Sharon Pratt may have broken race and gender barriers when she was elected D.C.’s mayor but she says that did not help her with Washington franchise's owner Jack Kent Cooke, as he brokered a deal for the team’s new football stadium in the early 1990s.
“A race factor and a gender factor. I'd say gender was even more of a factor,” Pratt said in an interview this month from her office in Northwest D.C.
“I didn't get it. I didn't understand the importance of football. I didn't understand the machinations of football,” Pratt said, adding her critics also accused her of not understanding the supposed economic boom a new stadium would bring.
In fact, Pratt said that couldn’t have been further from the truth.
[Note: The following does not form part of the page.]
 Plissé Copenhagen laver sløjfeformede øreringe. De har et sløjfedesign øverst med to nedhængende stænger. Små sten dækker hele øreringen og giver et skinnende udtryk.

She launched the negotiations to lure the then-Washington Bullets from the team's home in Landover, Maryland, to D.C.’s Chinatown district because of the financial upside she saw in a new downtown basketball arena with more than 40 home dates, plus concerts and other events.
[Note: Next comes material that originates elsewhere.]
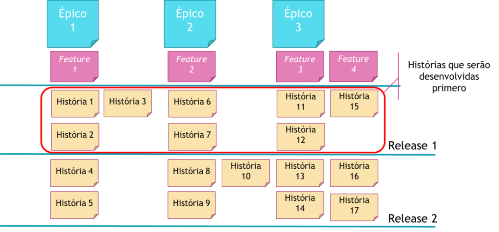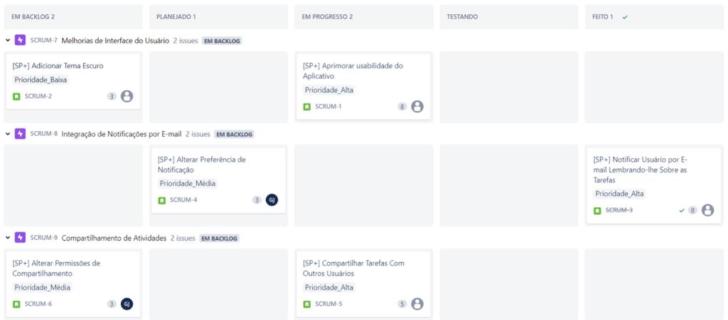 Também é possível criar raias com nome de cada desenvolvedor, por status, etc. O exemplo a seguir está por Épicos:

But when it came to a new football stadium with only eight to 10 home games plus a few major concerts every year, Pratt says D.C. simply wasn’t in an economic position to get the deal done.
Why?
The team’s proposed new stadium site in D.C. was right next to old RFK and sat on federally controlled land. Cooke wanted Pratt to pull strings in Congress to get them to approve the new construction. But Pratt says the District was already hemorrhaging money. And she said she needed Congress' help to fix the city’s finances instead of signing off on a new football stadium.
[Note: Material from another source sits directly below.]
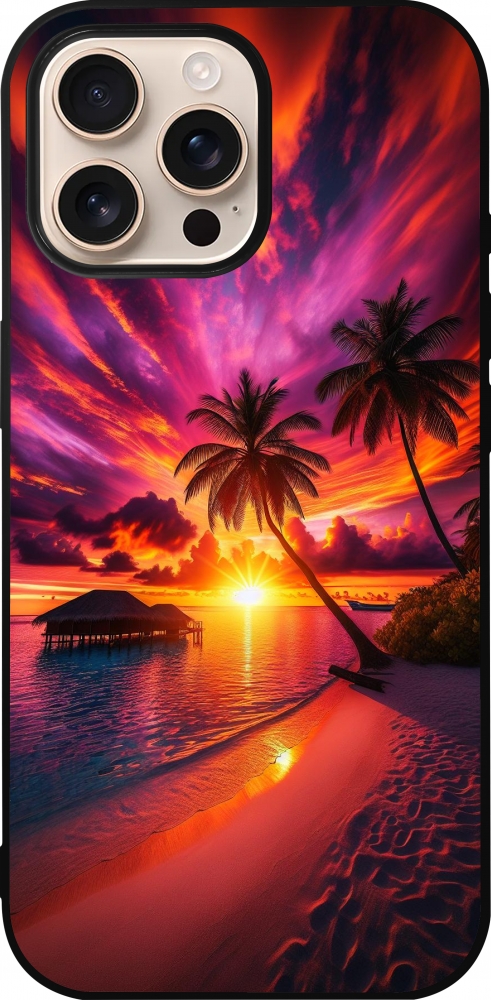 iPhone 16 Pro Max Case Hülle - Silikon schwarz Malediven Abenddämmerung Glückseligkeit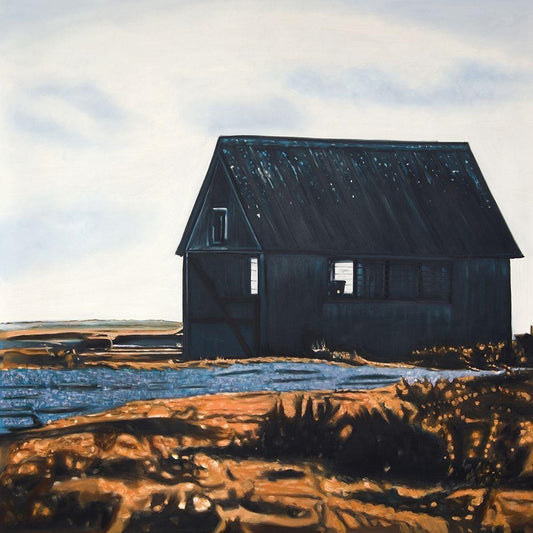 White barn view White Modern Wood Framed Art Print with Double Matting by Atelier B Art Studio

“And you know, judge me how you might maybe I should have,” agreed to Cooke’s stadium terms. “It would have been smart for me politically. But I didn't think I could afford to squander or use those political relationships to advance this when we desperately needed those political relationships to advance really troubling issues for the city.”
Pratt was hounded daily by D.C. residents, reporters, and members of her own city council, demanding a stadium deal get done.
“We cannot have a dynamic where we are negotiating against ourselves,” Pratt told reporters during a 1992 exchange at D.C. City Hall.
When talks finally broke off, with Cooke leaving D.C. for Prince George's County and the now maligned FedEx Field, it was Pratt publicly left holding the bag.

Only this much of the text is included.